Date: 2005-01-28 12:56 pm (UTC)
From: [identity profile] bateleur.livejournal.com
The other possibility is that they're not intended to be mutually exclusive. For examples:

1) Dr - An abbreviation, but not an acronym.

2) WTF ? - An (acronym and an) abbreviation.

3) HTTP - An acronym (and an abbreviation).

So cases 1) and 2) I'd want to mark as abbreviations and case 3) as an acronym even though technically all acronyms are abbreviations.

Date: 2005-01-28 01:02 pm (UTC)
From: [identity profile] venta.livejournal.com
What's your distinction between (2) and (3) ?

Date: 2005-01-28 01:06 pm (UTC)
From: [identity profile] onebyone.livejournal.com
Just for the record, in my mind "Dr" is pronounced "Doctor", "wtf" is pronounced "what the fuck", and "HTTP" is pronounced "aitch tee tee pee".

Date: 2005-01-28 01:10 pm (UTC)
From: [identity profile] venta.livejournal.com
Aye, that's a fair point. Hadn't thought of it like that.

Date: 2005-01-28 01:12 pm (UTC)
From: [identity profile] bateleur.livejournal.com
What's your distinction between (2) and (3) ?

That in the case of (2), the reader will need to mentally expand the phrase into its long form (well, unless they are familiar with it already), whereas with (3) you just use the thing as an atomic token which has a certain associated meaning which you will need to learn from scratch.

There are grey areas, of course. Something like FIFO, for example, is an atomic thingummy to me now, but when I first met it I would mentally expand it out and think about it for a bit (then get it wrong).

Date: 2005-01-28 01:31 pm (UTC)
From: [identity profile] broadmeadow.livejournal.com
> 2) WTF ? - An (acronym and an) abbreviation.
> 3) HTTP - An acronym (and an abbreviation).

I disagree, because whether you mentally read these in full or as their letters (ie "What The Fuck" or "Double-you Tee Eff") neither case is a new word in its own right (see my post below). If case 2 was pronounced "wuttuff" then it would also be an acronym.

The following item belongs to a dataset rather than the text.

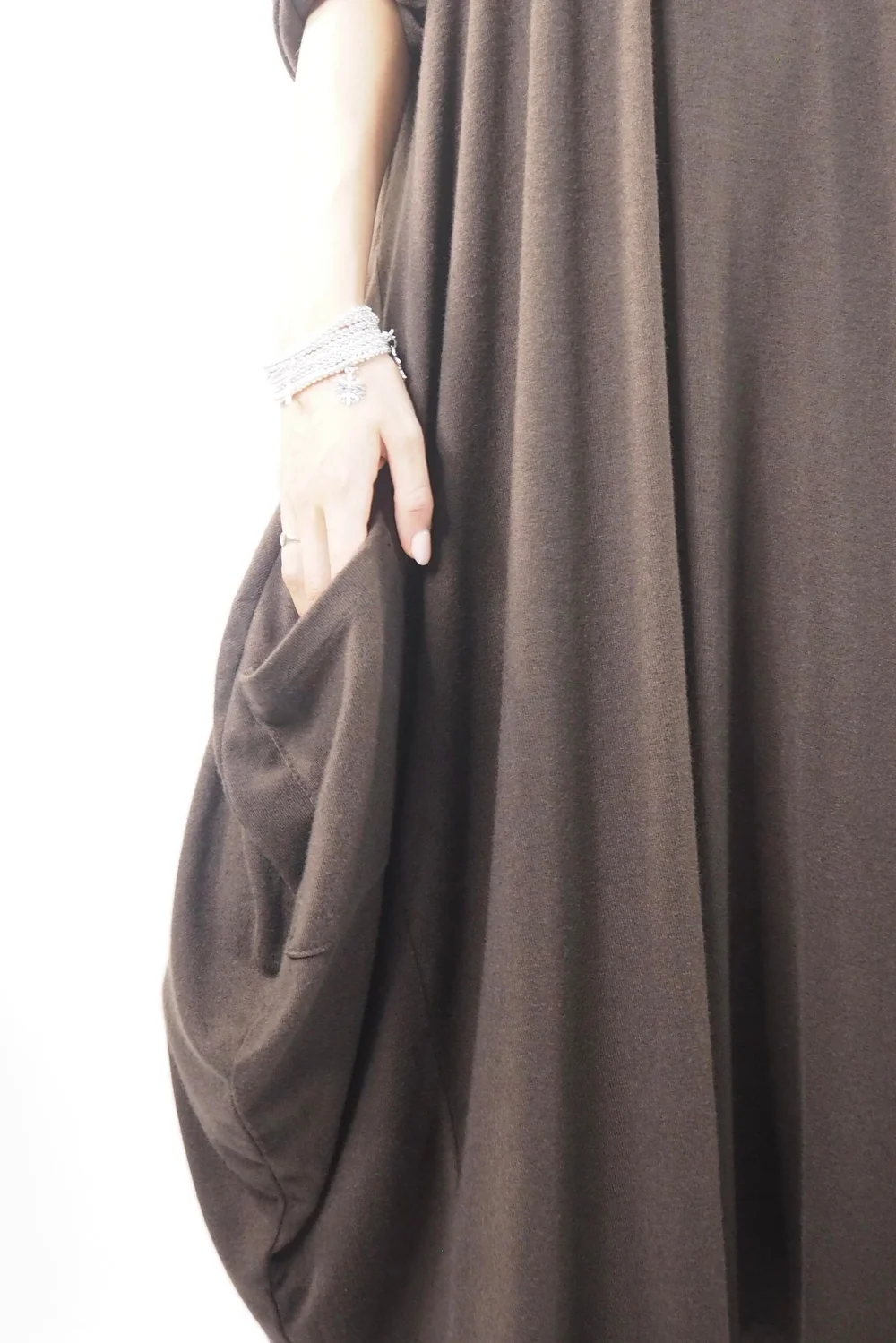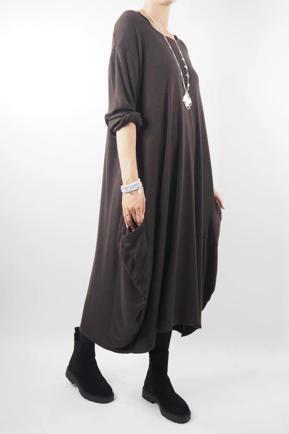 Introducing the epitome of elegance and comfort: the Chalet Classic Cocoon Knit Dress in Umber, dark brown tone, from Made in Italy Clothing. A true wardrobe essential, this one-size-fits-all marvel is the perfect piece, regardless of your body shape. Crafted with the utmost precision, this ethereal creation boasts a lightweight design that lends itself perfectly to the art of layering. A piece that promises to be your trusty companion for every season, this cocoon dress is a seamless fusion of comfort and style. Style with tights and boots for the perfect look.

Date: 2005-01-28 01:53 pm (UTC)
From: [identity profile] bateleur.livejournal.com
Maybe in some pedantic sense you are right, but I refuse to live in a world where TLA is not an acronym !

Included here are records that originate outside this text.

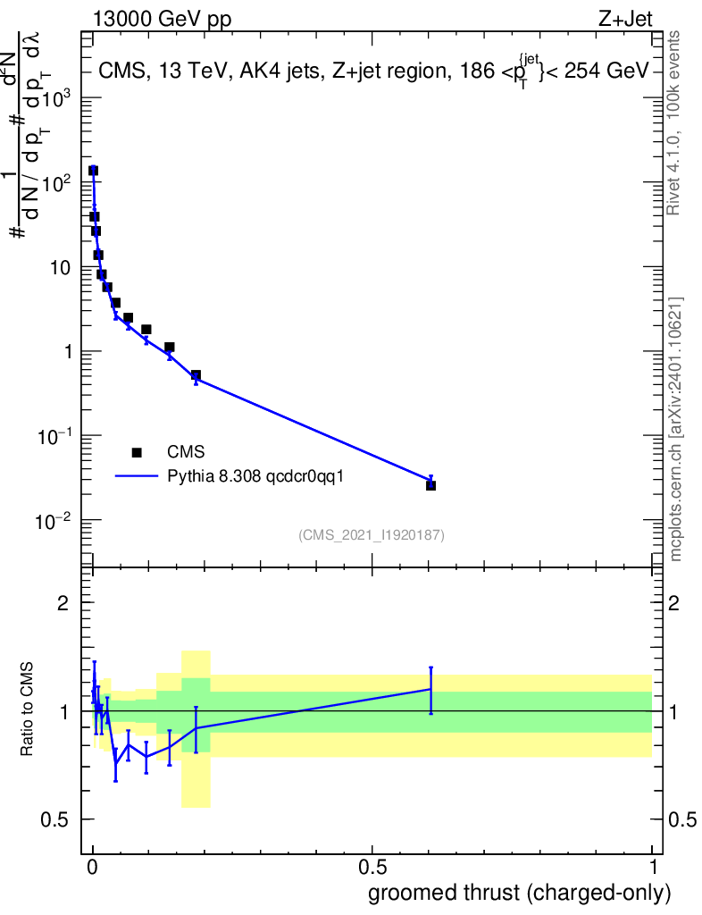 Lines: data, pythia8 8.308 qcdcr0qq1 |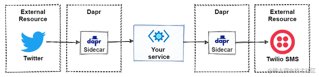Bindings 其实和之前的 pub/sub 非常类似,也是利用异步通信传递消息。它俩主要的区别是:pub/sub 主要面向的是 dapr 内部应用,而 bindings 主要解决的和外部依赖系统的输入输出。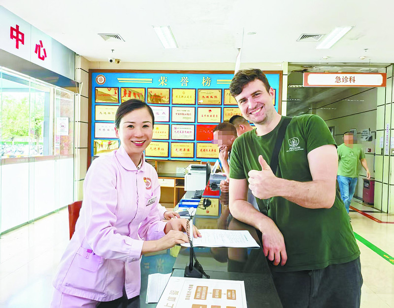 客服中心工作人员全程陪伴语言不通的外国患者就诊。

Date: 2005-01-28 01:56 pm (UTC)
From: [identity profile] broadmeadow.livejournal.com
Abbreviation and Acronym both begin with A!

Date: 2005-01-28 02:16 pm (UTC)
From: [identity profile] venta.livejournal.com
I always thought the A in TLA was for Abbreviation ?

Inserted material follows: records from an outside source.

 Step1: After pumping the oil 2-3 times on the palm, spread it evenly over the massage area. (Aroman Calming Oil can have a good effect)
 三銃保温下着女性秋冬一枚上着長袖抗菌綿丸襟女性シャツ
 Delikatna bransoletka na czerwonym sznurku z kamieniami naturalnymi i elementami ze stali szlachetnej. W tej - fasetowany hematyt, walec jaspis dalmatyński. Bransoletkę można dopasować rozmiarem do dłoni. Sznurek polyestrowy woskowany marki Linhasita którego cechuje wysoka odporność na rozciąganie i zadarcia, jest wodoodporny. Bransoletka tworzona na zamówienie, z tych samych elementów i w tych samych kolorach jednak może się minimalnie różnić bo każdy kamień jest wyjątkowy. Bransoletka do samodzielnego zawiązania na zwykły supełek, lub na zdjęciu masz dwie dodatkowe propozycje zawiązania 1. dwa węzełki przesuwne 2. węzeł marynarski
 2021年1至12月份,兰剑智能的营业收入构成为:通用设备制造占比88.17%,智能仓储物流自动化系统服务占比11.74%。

Date: 2005-01-28 03:16 pm (UTC)
From: [identity profile] bateleur.livejournal.com
It can, but didn't originally.

As always, see Wikipedia for more detail than you could possibly want !

Date: 2005-01-28 02:15 pm (UTC)
From: [identity profile] venta.livejournal.com
neither case is a new word in its own right

I'm not sure we all agree it has to be, though, that's just the definition you're using :)

Date: 2005-01-28 02:38 pm (UTC)
From: [identity profile] broadmeadow.livejournal.com
Indeed. That's merely the reason I disagree with the original assertion.

Hopefully we'll get this resolved - and I may well be incorrect. I'm certainly troubled by my conclusion that "shouldn't" is an acronym by my definition. In fact, www.dictionary.com seems to support the general premise that acronyms are "new" words, but discount the "shouldn't" case:

acronym: A word formed from the initial letters of a name, such as WAC for Women's Army Corps, or by combining initial letters or parts of a series of words, such as radar for radio detecting and ranging.

["shouldn't" being discounted because of the explicit requirement that initial letters form the new word.]

This definition of acronym seems to correspond to my understanding, but I'm not prepared to regard this website as the final authority!

[Is "WAC" a good example? I presume it is intended to be read as "whack" - but this isn't a known case to me, so I'd tend to read this as the three letters by default.]

And are we doing this one to death?!